Do tipo calado ele era daqueles que guardava tudo pra si e que tinha como meta apenas aproveitar a vida. Só que a forma dele era mais aquela do tipo, desapegado as coisas e consequentemente as pessoas. Não demonstrava sentimentos verdadeiros e com isso confundia as pessoas ao seu redor. Ele fazia exatamente isso. Colocava centenas de interrogações difíceis de serem solucionadas. Tinha também o péssimo hábito de jogar. Os criava incessantemente para ter sempre as pessoas pra se sentir querido, amado. Adorava se sentir desejado, mesmo demonstrando o contrário.
Era tudo um jogo pra ele.
Queria ser justo, viajante e o quanto mais impessoal melhor.
Por que era essa a diversão toda.
Ter alguém ali, pra satisfazer seu ego e apenas ele. Conquistar e deixar.
A busca por novos horizontes era viciante e ter uma pessoa, se envolver e deixar-se sentir não era uma opção, afinal o que não faltaria no seu caminho seriam pessoas.
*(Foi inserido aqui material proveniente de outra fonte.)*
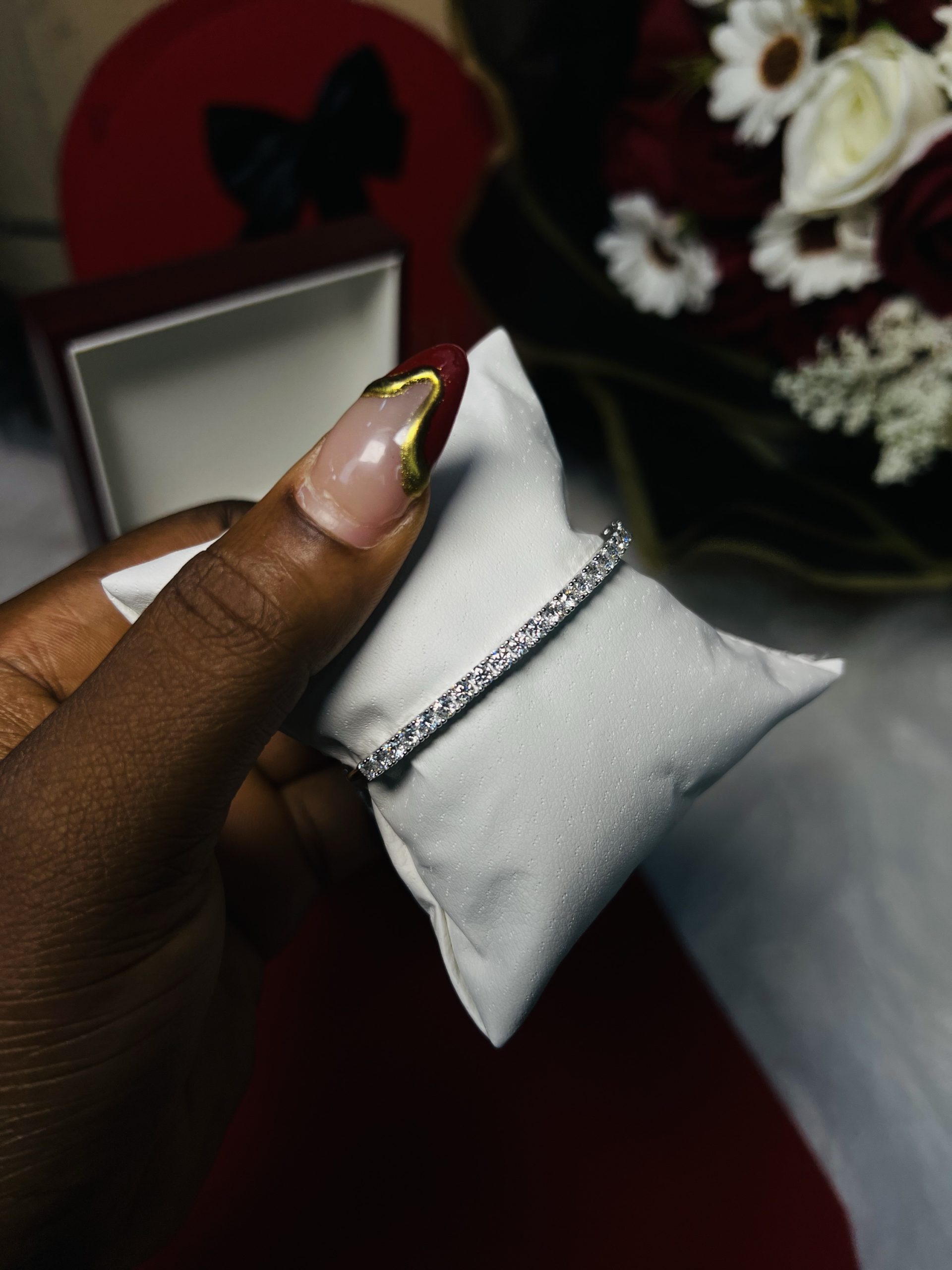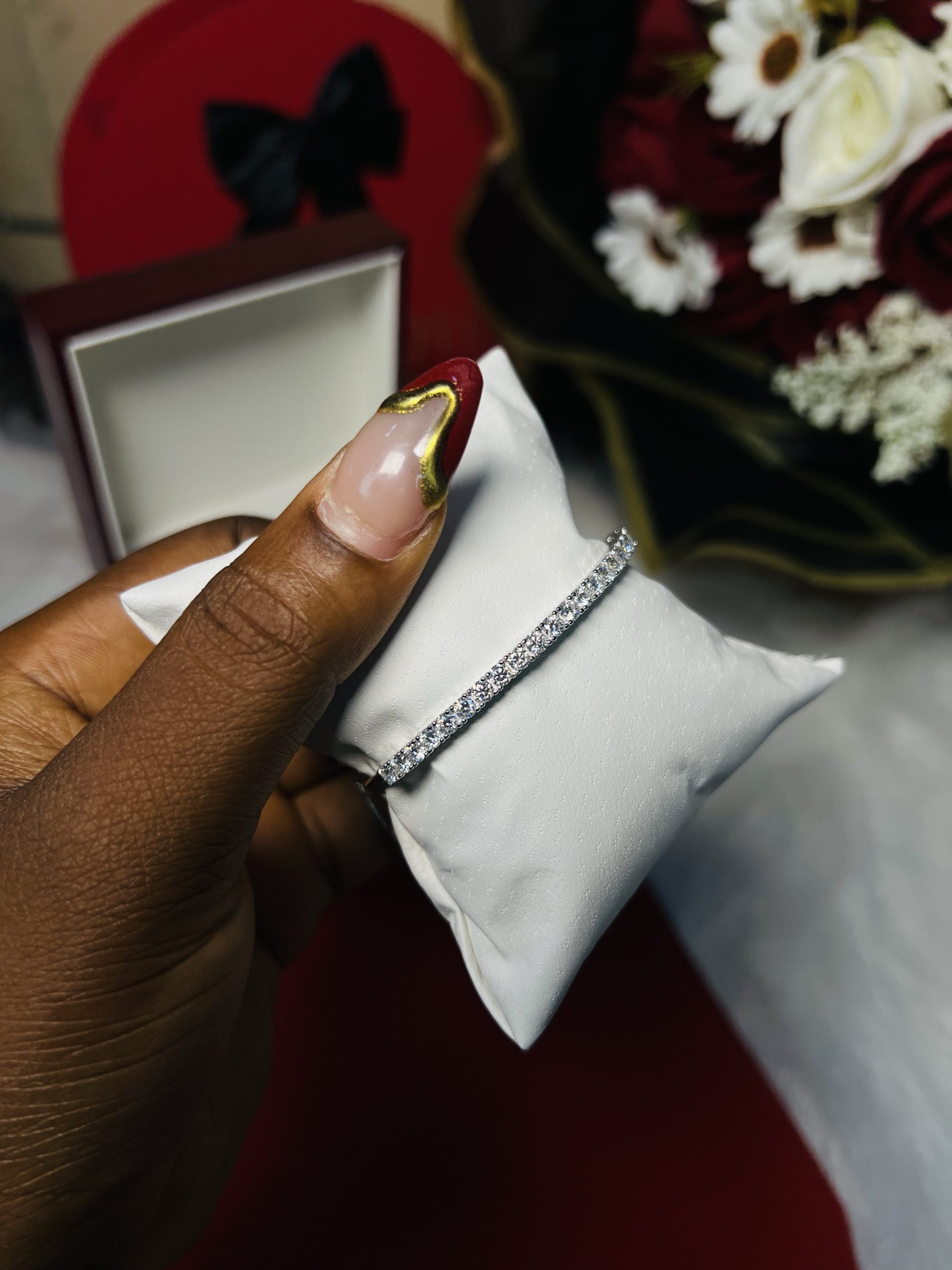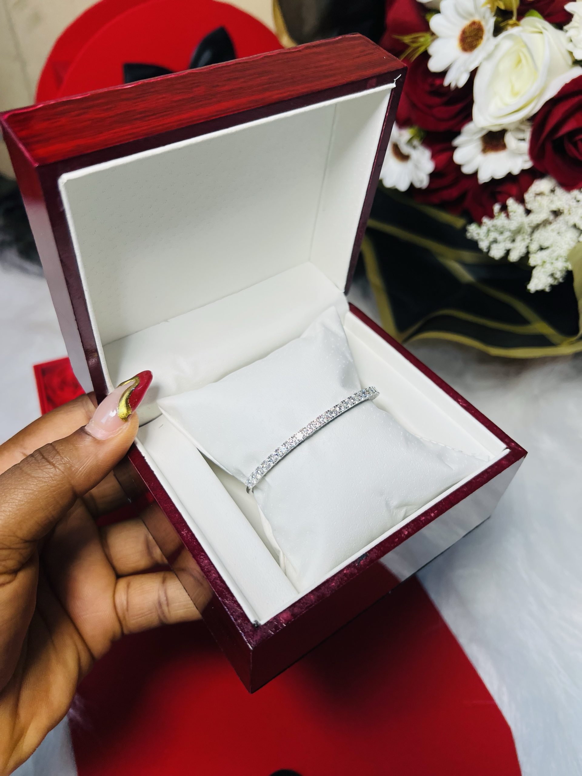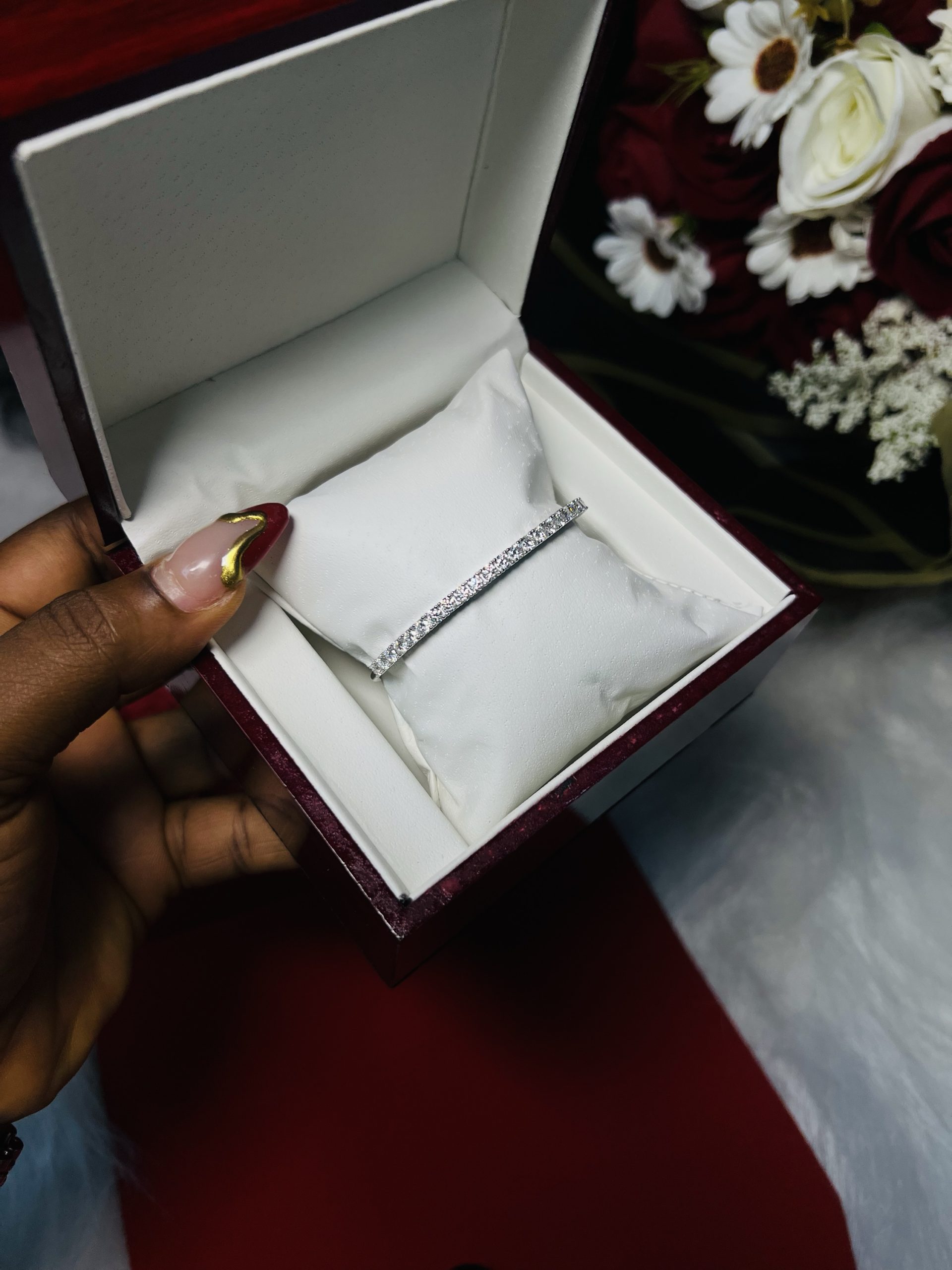 This is a certified synthetic moissanite bracelet made with 925 silver, weighing 6.46g.

Assim, ele ia deixando tudo pra trás e ia ganhando o mundo.
A única coisa que ele não sabia era que enquanto ele ganhava o mundo, ele ia perdendo a chance de achar o que inconscientemente procurava. Mas seus jogos eram tantos que o cegava.
No final, ele tinha a imensidão do mundo conquistada pelos pés. E uma imensidão quase tão grande dentro de si.
Dessa imensidão ele não se orgulhava, nem tão pouco demonstrava.
Essa tinha sido talvez uma das coisas que ele não aprendera em suas caminhadas.
Se importar, ou melhor.... Demonstrar.
Thais C Rangel.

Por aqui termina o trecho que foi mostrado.